[Data section]
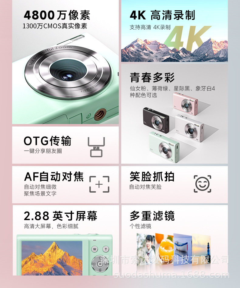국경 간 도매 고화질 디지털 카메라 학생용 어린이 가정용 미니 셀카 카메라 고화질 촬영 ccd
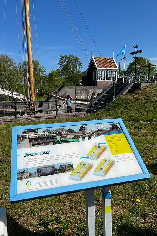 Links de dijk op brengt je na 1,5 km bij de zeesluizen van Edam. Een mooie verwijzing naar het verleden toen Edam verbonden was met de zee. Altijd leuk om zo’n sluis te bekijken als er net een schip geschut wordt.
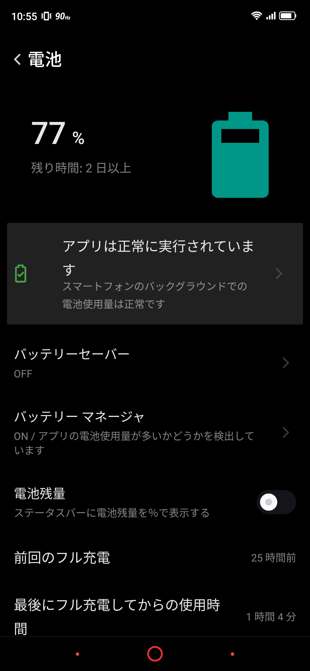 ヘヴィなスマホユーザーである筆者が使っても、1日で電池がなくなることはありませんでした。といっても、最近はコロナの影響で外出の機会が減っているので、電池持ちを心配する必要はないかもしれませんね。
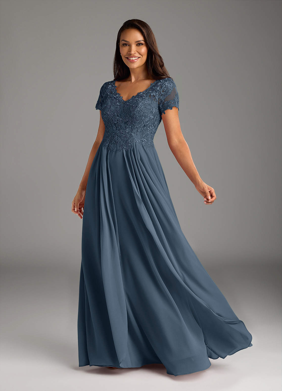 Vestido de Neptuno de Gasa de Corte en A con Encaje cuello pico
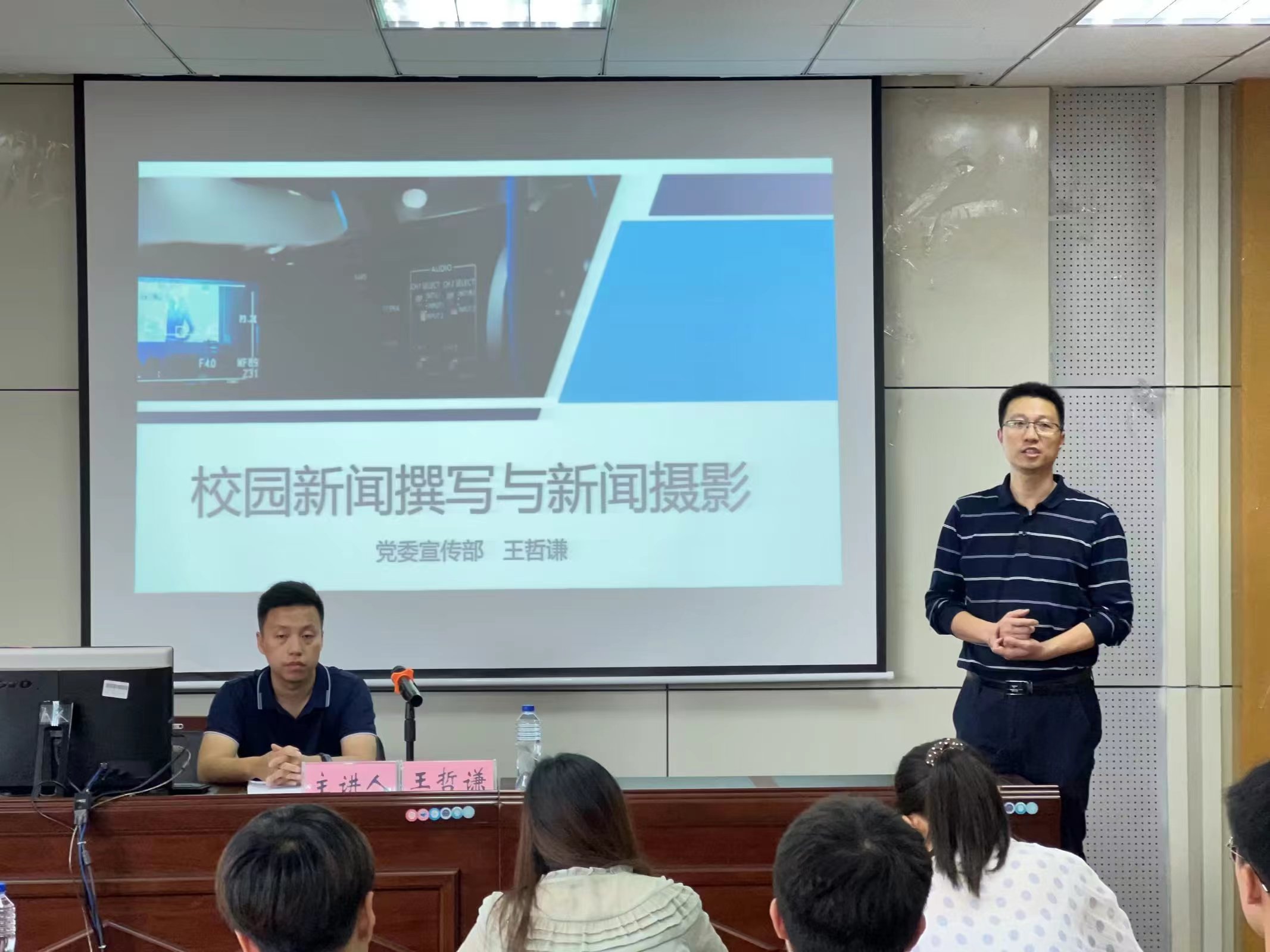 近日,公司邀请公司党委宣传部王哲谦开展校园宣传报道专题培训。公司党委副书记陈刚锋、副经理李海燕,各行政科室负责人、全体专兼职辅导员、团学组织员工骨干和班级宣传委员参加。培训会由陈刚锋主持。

* * *

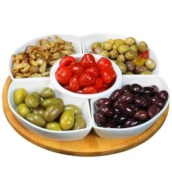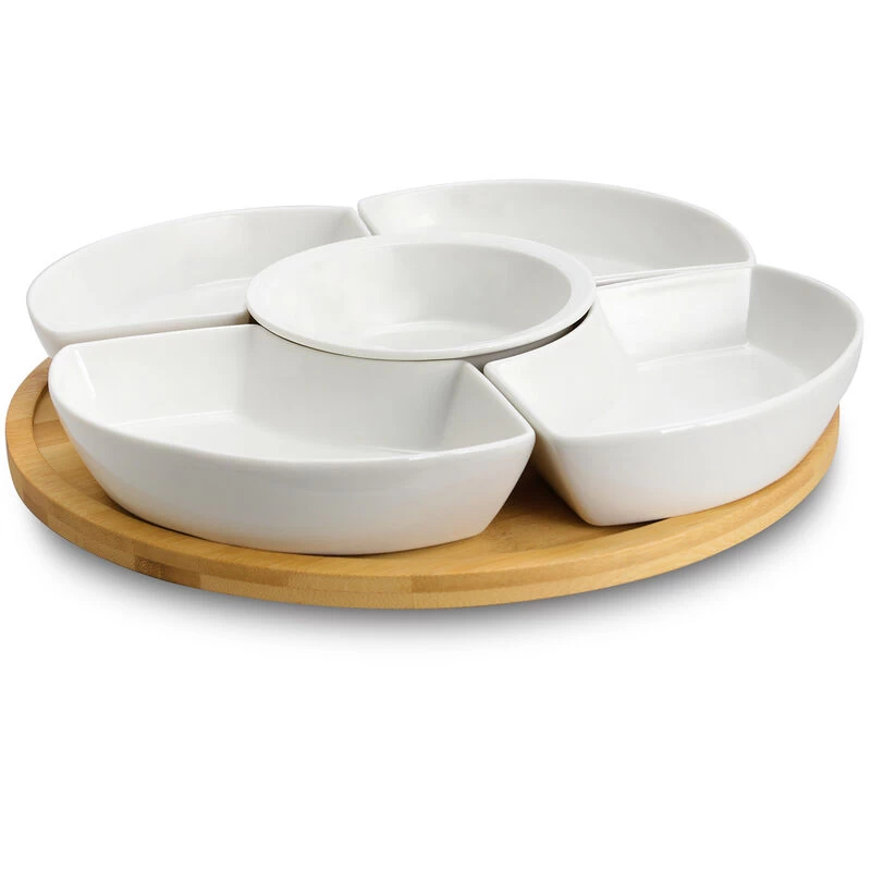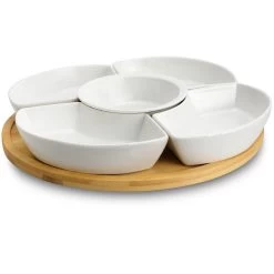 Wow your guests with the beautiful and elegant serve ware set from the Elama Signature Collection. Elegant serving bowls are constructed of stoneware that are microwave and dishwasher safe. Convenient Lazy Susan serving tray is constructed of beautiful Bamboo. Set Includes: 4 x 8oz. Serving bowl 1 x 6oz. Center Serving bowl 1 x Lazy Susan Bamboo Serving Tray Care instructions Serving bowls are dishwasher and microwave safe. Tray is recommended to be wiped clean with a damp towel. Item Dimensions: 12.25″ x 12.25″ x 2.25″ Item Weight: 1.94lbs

[Instructions for the task] Pictures aside, print exactly the lines above starting with the one containing "Links de dijk" and going on through the one containing "Vestido de Neptuno".

[Task answer]
 Links de dijk op brengt je na 1,5 km bij de zeesluizen van Edam. Een mooie verwijzing naar het verleden toen Edam verbonden was met de zee. Altijd leuk om zo’n sluis te bekijken als er net een schip geschut wordt.
 ヘヴィなスマホユーザーである筆者が使っても、1日で電池がなくなることはありませんでした。といっても、最近はコロナの影響で外出の機会が減っているので、電池持ちを心配する必要はないかもしれませんね。
 Vestido de Neptuno de Gasa de Corte en A con Encaje cuello pico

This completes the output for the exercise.